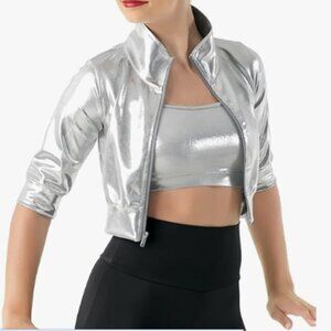 Balera Dancewear, Metallic Dance Jacket, Silver Performance Jacket, Zip-Up Cropped Jacket, Cheerleading Outfit, Dance Team Costume, Stage Wear, Dance Competition Outfit, Trendy Dance Apparel, Athletic Performance Wear
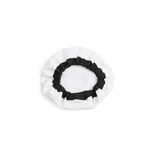 生地はポリエステルの白布製。機材への取り付けはディフューザー開口部のゴム広げてストロボ発光部、リフレクター前面に被せるだけ。簡単にご使用いただけます。
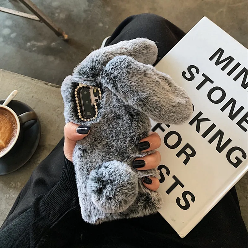 Чехол для телефона Honor 9X Premium 9C 9A, пушистый кролик, милый кролик, плюшевый чехол для Huawei P20 P30 lite Mate 30 Pro honor 30i 9s 20 s 8A
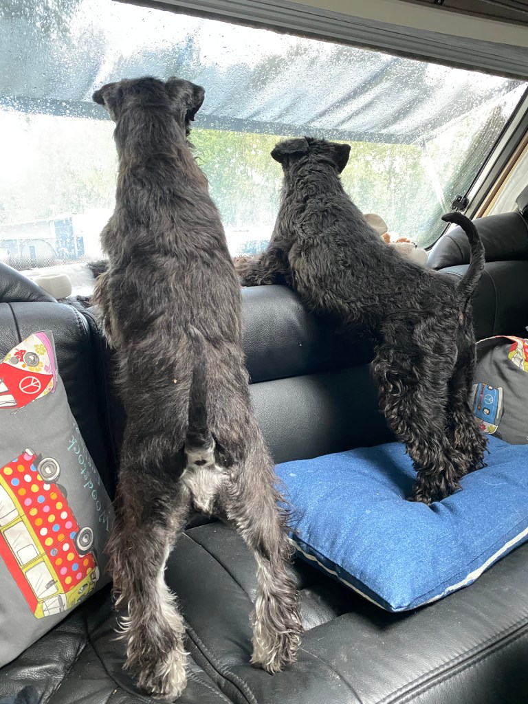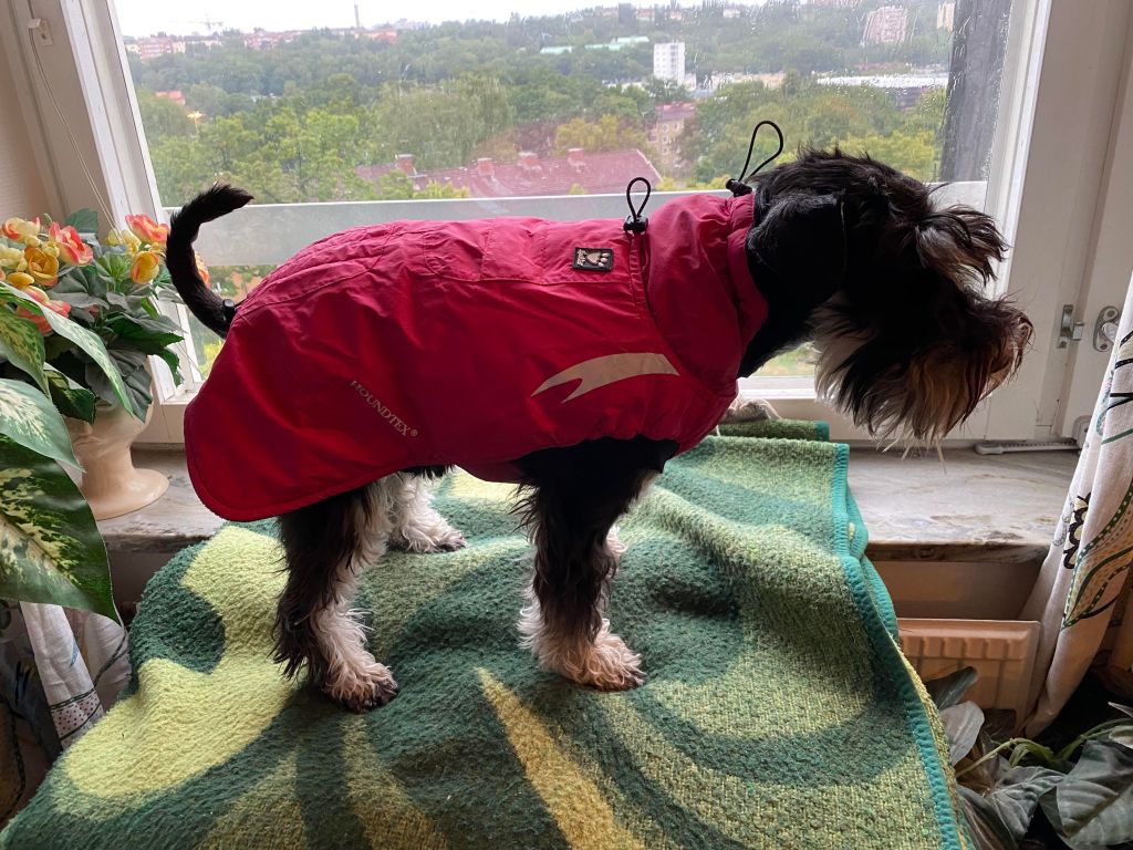 Lördag och det regnar så vi gör oss osynliga så M inte får något oövertänkt ryck och släpar ut oss. Hoppas hon har köpt något lördagsmys åt oss för ut vill vi inte gå ut för då kan man ge sig tusan på att regnkläderna kommer fram. De är förhatliga och framkallar akut förstelnings syndrom hos oss båda.

* **DIRECTIONS FOR THIS TASK**:
Repeat the listing word for word, and skip every picture it contains.

* **COMPLETED TASK**:
 Balera Dancewear, Metallic Dance Jacket, Silver Performance Jacket, Zip-Up Cropped Jacket, Cheerleading Outfit, Dance Team Costume, Stage Wear, Dance Competition Outfit, Trendy Dance Apparel, Athletic Performance Wear
 生地はポリエステルの白布製。機材への取り付けはディフューザー開口部のゴム広げてストロボ発光部、リフレクター前面に被せるだけ。簡単にご使用いただけます。
 Чехол для телефона Honor 9X Premium 9C 9A, пушистый кролик, милый кролик, плюшевый чехол для Huawei P20 P30 lite Mate 30 Pro honor 30i 9s 20 s 8A
 Lördag och det regnar så vi gör oss osynliga så M inte får något oövertänkt ryck och släpar ut oss. Hoppas hon har köpt något lördagsmys åt oss för ut vill vi inte gå ut för då kan man ge sig tusan på att regnkläderna kommer fram. De är förhatliga och framkallar akut förstelnings syndrom hos oss båda.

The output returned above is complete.